Истинность слов подтверждалась взглядом Кингсли. Несмотря на то, как сильно не хотел Уесли верить ему, что-то подсказывало, что что бы ни произошло с Норой, ее похитили не с целью выкупа, не ради шутки или игры.
– Женщина, которая удерживает Нору, способна на убийство. Она уже делала это. Так же она готова умереть сама. Что-то подобное она уже проделывала. Опасная комбинация. Мы поднимаем тревогу, ревут сирены, и Нора погибает.
– Откуда ты знаешь, что этот человек готов умереть?
– Потому что, mon petit prince, она меня разозлила. А это явный показатель того, что она намерена умереть.
Резкие слова Кингсли никак не успокоили.
– Они ведь не убьют Нору? Слова на стене...
– прошептал Уесли, его сердце сжалось, когда он вспомнил тот страх, увидев слова на французском, даже не понимая их значения.
– Сорен сказал, они переводятся как «я убью суку».
– Если это тебя успокоит, «сука» - не твоя Нора. Эту историю тебе расскажет священник.
– Нет. Ты накачал его, так что теперь ты должен мне все рассказать.
– Уесли уставился на Кингсли. Кингсли мог быть сильным и опасным, но ему тоже было больно, и боль делала его уязвимым. В этот раз Уесли не отступится.
– И ты сделаешь это сейчас.
Кингсли тяжело выдохнул через нос и снова пожал плечами.
– Эти слова «Я убью суку» были произнесены тридцать лет назад женщиной, на которой священник женился, когда тому было восемнадцать. Его жена, Мари-Лаура... моя сестра.
– Тридцать лет назад... Сорен был женат на твоей сестре?
– Да. Брак по расчету. Таким он должен был быть. Сорен сказал ей, что он будет таковым. Но она хотела большего, больше, чем он мог дать.
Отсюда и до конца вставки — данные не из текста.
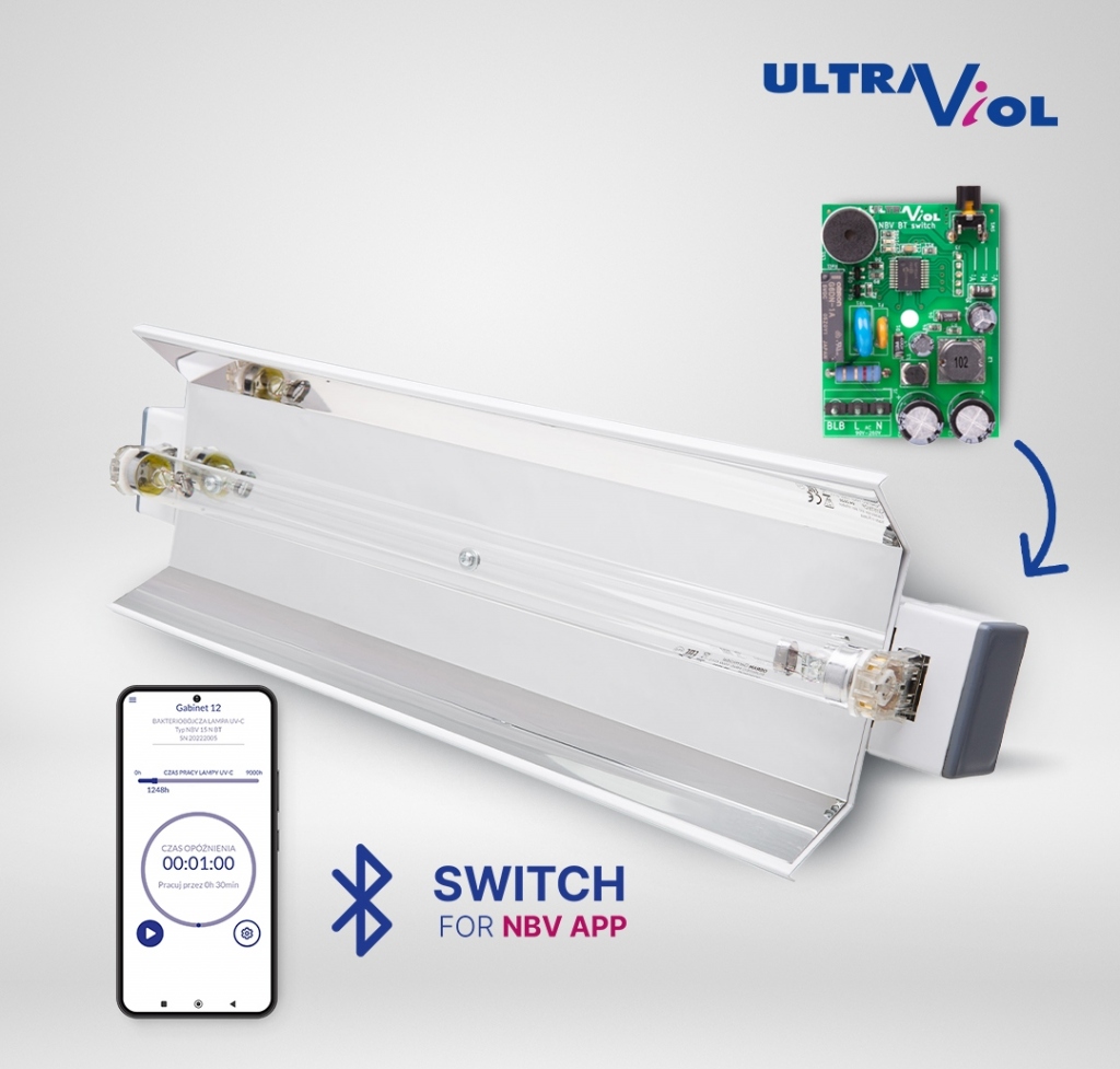 Lampa bakteriobójcza NBV 15 S z modułem zdalnego sterowania BT Switch obsługiwany aplikacją NBV App na smartfona
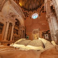 Marmeren tombe in kloosterkerk in Sevilla, Spanje, met opengeslagen boek
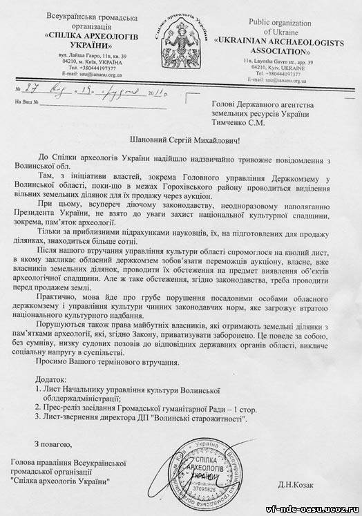 Голова Спілки археологів України Денис Козак попросив втрутитися до ситуації, яка склалася в Горохівському районі Волині, голову Держкомітету земельних ресурсів Сергія Тимченка. Із цього приводу навіть листа написав. У документі йдеться про те, що «з ініціативи влади, зокрема Головного управління Держкомзему у Волинській області, поки що в межах Горохівського району проводиться виділення вільних земельних ділянок для продажу через аукціон».
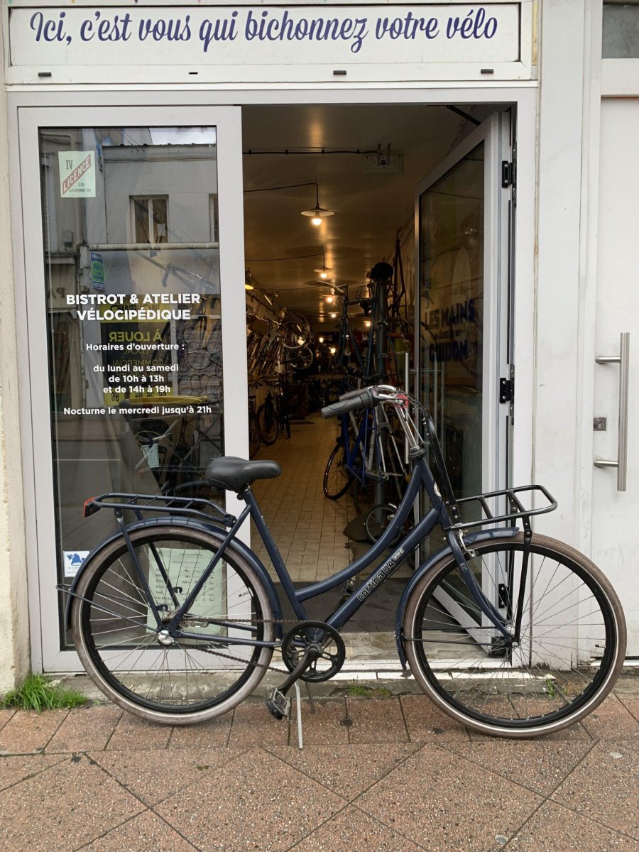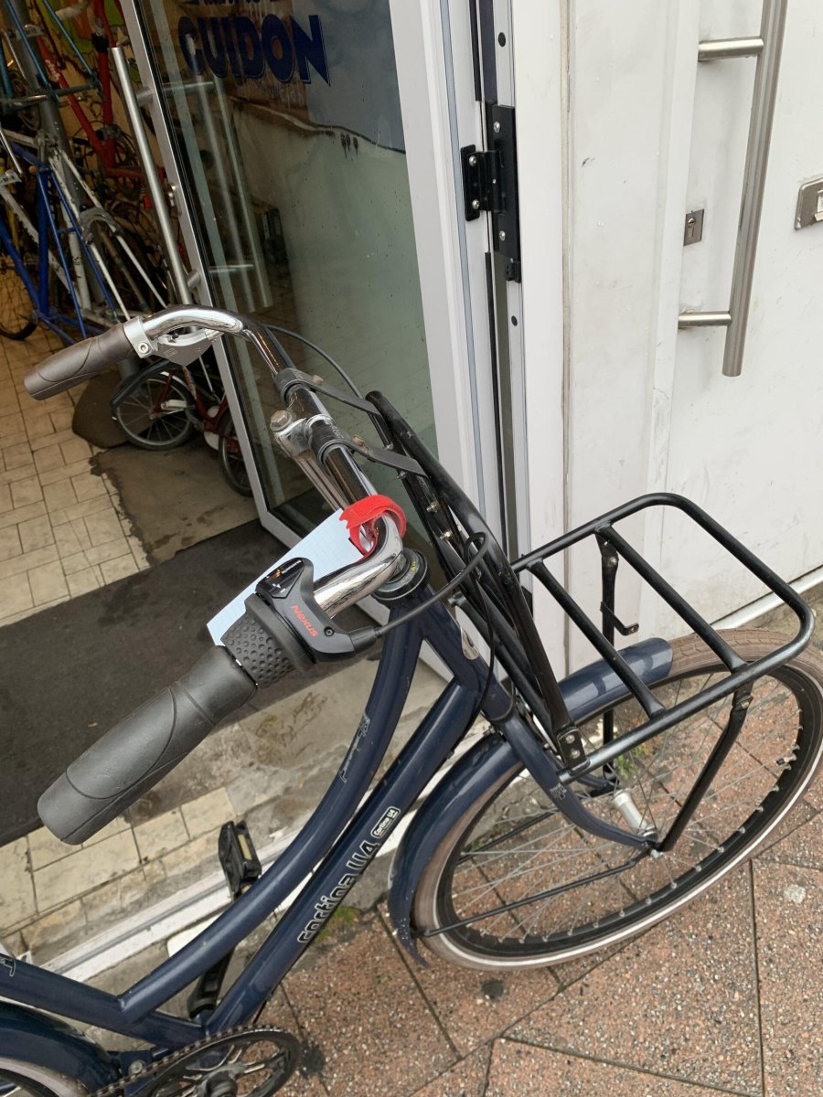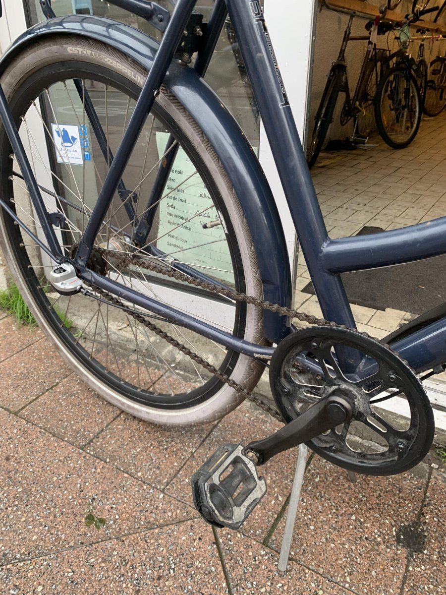 Vélo hollandais de la marque Cortina de couleur bleue. Système de vitesses dans le moyeu Nexus 3 vitesses et frein à rétropédalage.
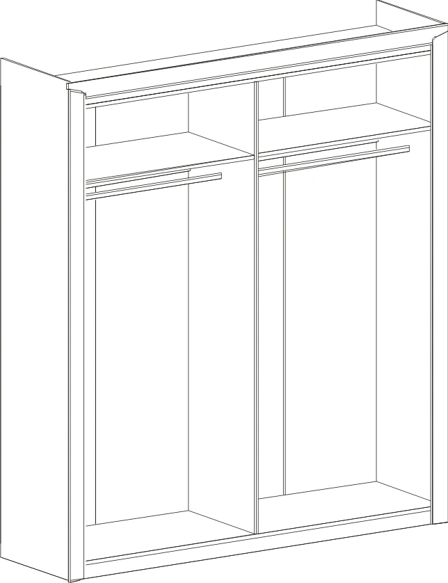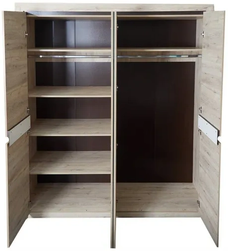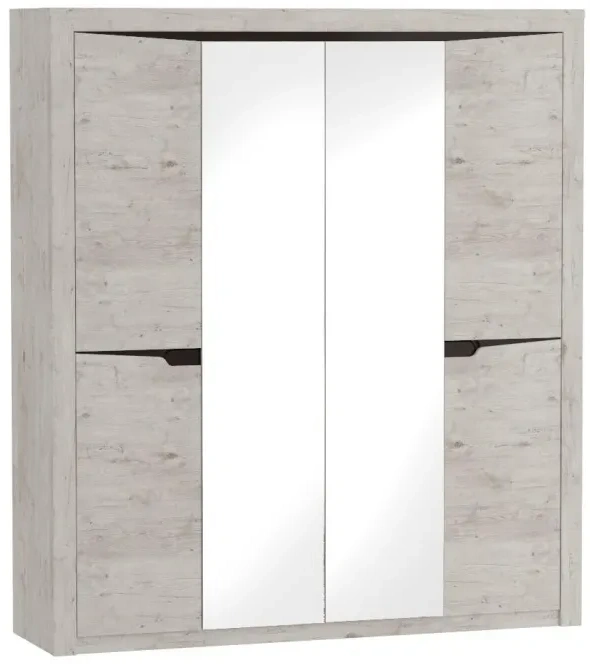 Четырёхдверный шкаф "Соренто" с зеркалом отлично подойдёт для спальни или прихожей и станет прекрасным дополнением к вашему интерьеру. На боковых дверях имеются декоративные вырезы, выполняющие функцию ручек. Одно из отделений шкафа можно изменить комплектом из трёх полок (приобретается отдельно)
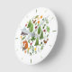 Scandinavian folk art style nature illustrations (woodland; fox, leaves, trees, flowers, mountains and birds) in a circular design, with clock surround. With clock surround.
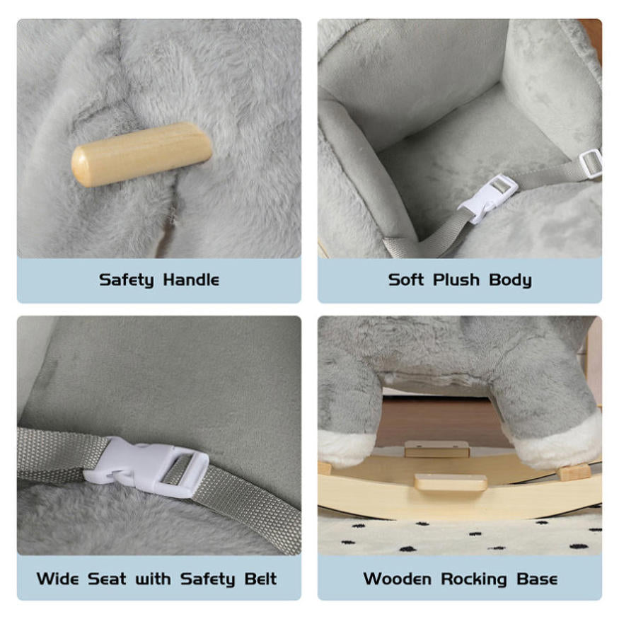 - Seat & Safety Belt: This Rocking Horse Toy has a wide and spacious, comfortable seat that to have cozy plush sides. The seatbelt, footrests, and handlebars keep your baby secure and ultra-safe, assisting their stability when rocking forward and backward.
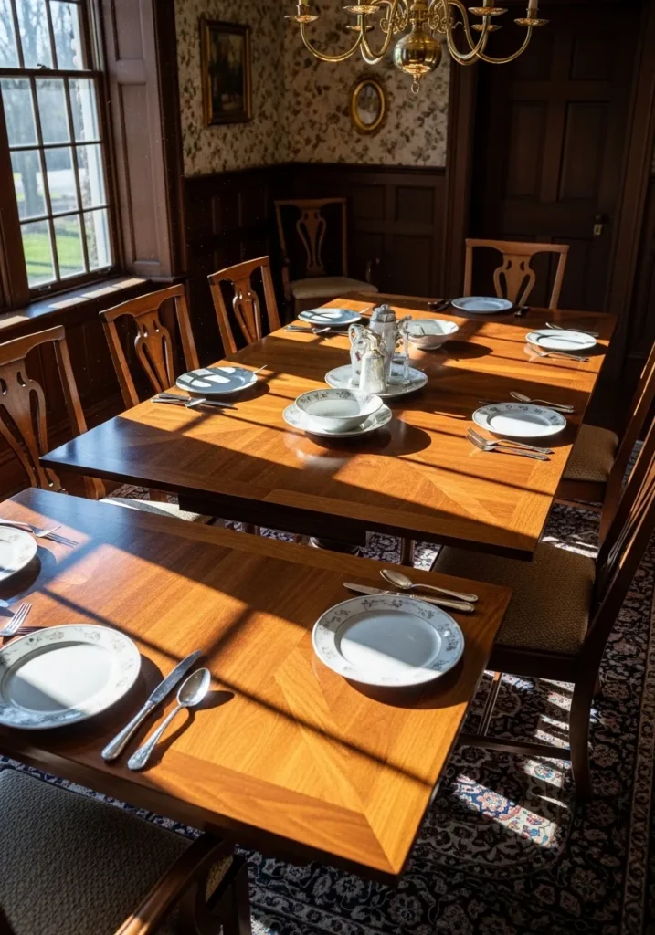 This dining room showcases a rich wood extendable table set for a full dinner gathering. Warm lighting and traditional chairs give the space a cozy and slightly nostalgic feel. The extension allows for generous seating while keeping the table sturdy and grounded. Everything feels ready for long meals and meaningful conversations.
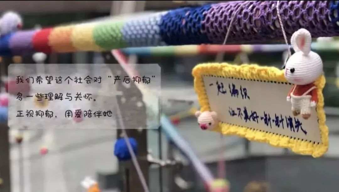 為欄杆織上彩虹毛衣,希望給產後媽媽多些關懷
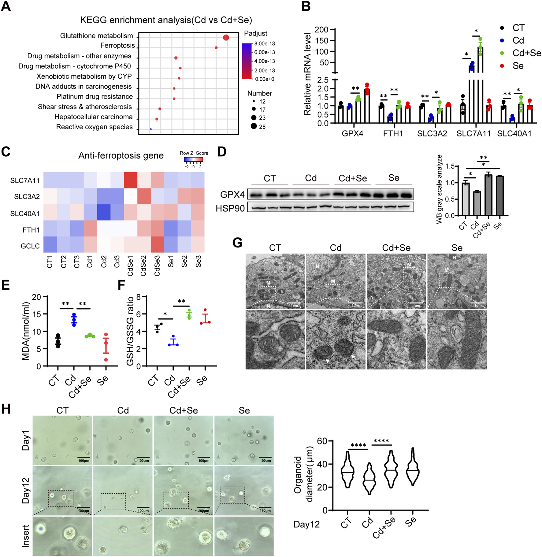 Figure 2. Ferroptosis contributes to Cd-induced liver damage. (A) Liver KEGG enrichment analysis and (B) Heat map of anti-ferroptosis genes in mice in the cadmium-treated and selenium-cadmium co-treated groups. (C) Expression of anti-ferroptosis genes in mouse liver by reverse transcription-polymerase chain reaction (RT-PCR). Values were normalized to the mRNA level of the housekeeping gene Actin in the respective sample. (D) Immunoblotting of GPX4 and Hsp90 in mouse liver. The right panel shows the quantitative analysis of GPX4 protein expression. (E) Malondialdehyde (MDA) levels and (F) GSH/GSSG levels were detected in the livers of mice. (G) Transmission electron microscopy of mitochondrial ferroptosis in AML12 cells. Representative mitochondria are shown in white boxes. Scale: 1 μm. N. nucleus; M. mitochondria. The white arrows indicate mitochondria exhibiting typical morphological features of ferroptosis, including reduced mitochondrial volume, increased membrane density, and decreased or vanished cristae structures. (H) Representative images of mouse liver organoids treated with 1.25 μM CdCl2 and 10 μM SeMet alone or in combination for 12 days. Statistical graph of class organ diameters (right panel). Scale: 100 μm. Data are expressed as mean ± SEM. Pairwise comparisons between groups were conducted using two-tailed non-paired Student’s t tests. ns, not significant (p ≥ 0.05); *p < 0.05; **p < 0.01; ***p < 0.001.

– Она была влюблена в него?
– Oui, или все, что у нее было в сердце, что могло сойти за любовь. «Наваждение» будет более подходящим словом. Когда она узнала, что он любит другого, она сказала эти слова как угрозу. По какой бы то ни было причине, она ждала тридцать лет, чтобы воплотить ее.